Over my sensitive years, I’ve learned to brush my teeth with warm water.  If I drink cold water my tongue naturally shields my upper left molars without me reminding it. And ice cream can bring me to tears.  It’s not just the frigid temperatures…. it’s hot too.  Hot soup, hot pizza, hot lasagna.  All must be blown on with tender care before inserting near the upper left quadrant.

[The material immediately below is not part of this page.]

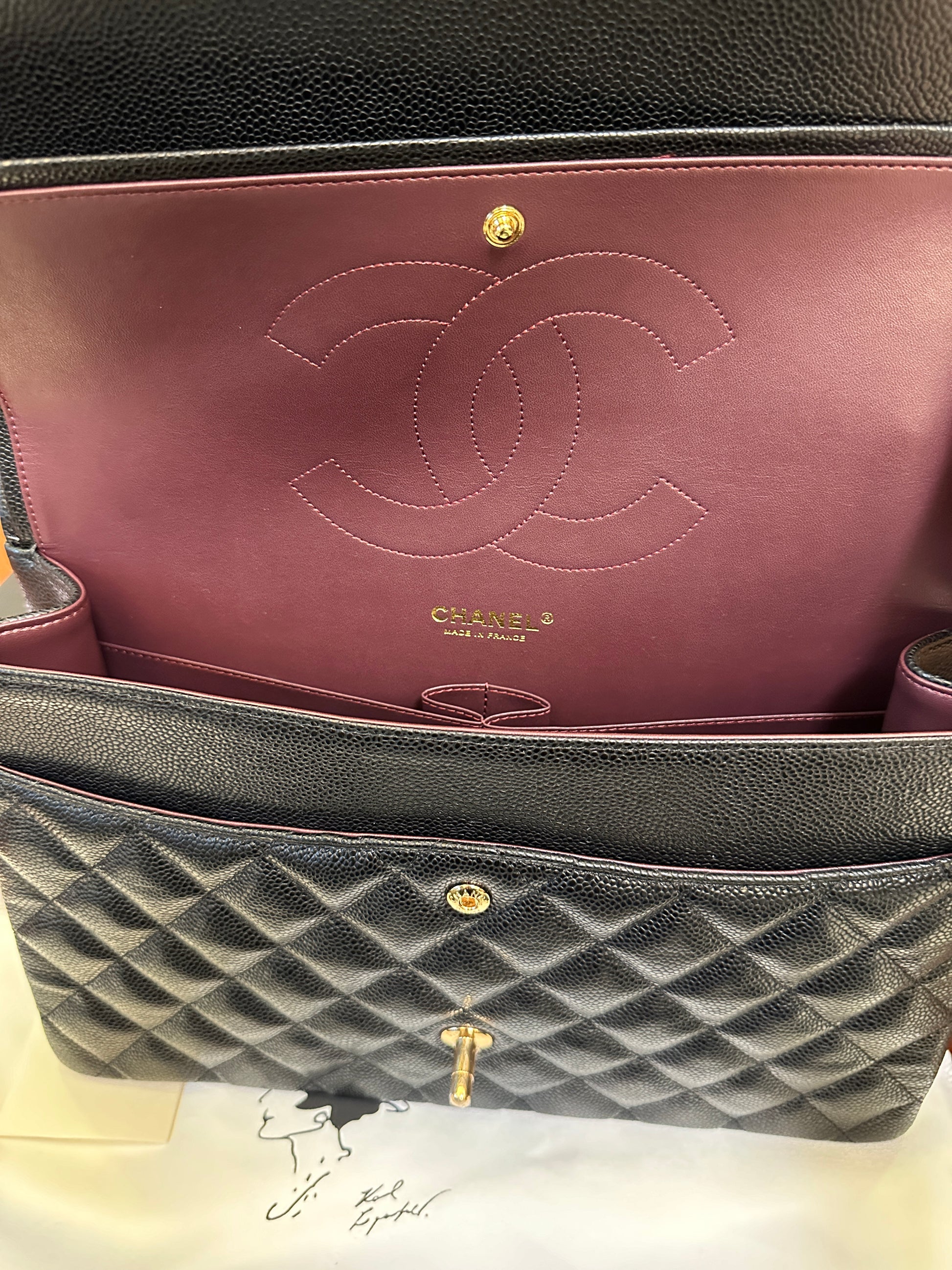 Chanel Classic Flap Bag Black Caviar Leather with Gold Hardware

So today, my tooth doctor, whose name is for really Montana Skylar, (sounds like he should be on a dusty horse roping cattle in tight Levis) comes up with a suggestion that I’ve never heard before for my tender teeth.  It’s called tooth varnish.  So I say, “YES! ANYTHING!  BRING IT ON!”  And for only $457 I can be sensitive free!  (just kidding, I was checking if my hubby still reads my blog.)  Anywhooo, I am currently sitting here typing with a mouth full of wax coating my teeth.  It feels like I just ate a bee hive.  It’s pasty white and filmy and Larisa says it makes me lisp.  WHO CARES!?!?  I might be able to bite into a Mint Filled Dilly Bar without spilling tears.  I’m not to have anything hot until tomorrow and I’m not supposed to brush my teeth until tomorrow morning.  That’s a first.  The dentist telling you to skip brushing.  I’ll report in when I’m wax free as to my level of sensitivity.  Pray that this wasn’t a scam.

Dental Work in Mexico

June 4, 2008

Yes, Rico needs some dental work done and being the spend thrift that he is, we are heading to Los Algodones, Mexico today to get him some gold teeth.  Joking, Mom.  It saves us hundreds of dollars.  Keep us in your prayers.  It’s a two day deal but we stay over night in AZ.  You can walk across the border to the dentist.  Should prove entertaining, if nothing else.

Keeve, our 9 year old, was on translating important sentences that he might need to use, like  “My favorite letter is Q.”  Things like that.  Larisa, 14, asked him to translate, “Please don’t abduct me.”  I told her we would be surrounded by hundreds of elderly Canadians and Americans and we’ll be just fine.

I’m sure at least one really good blog will come out of this trip.  Hasta la vista.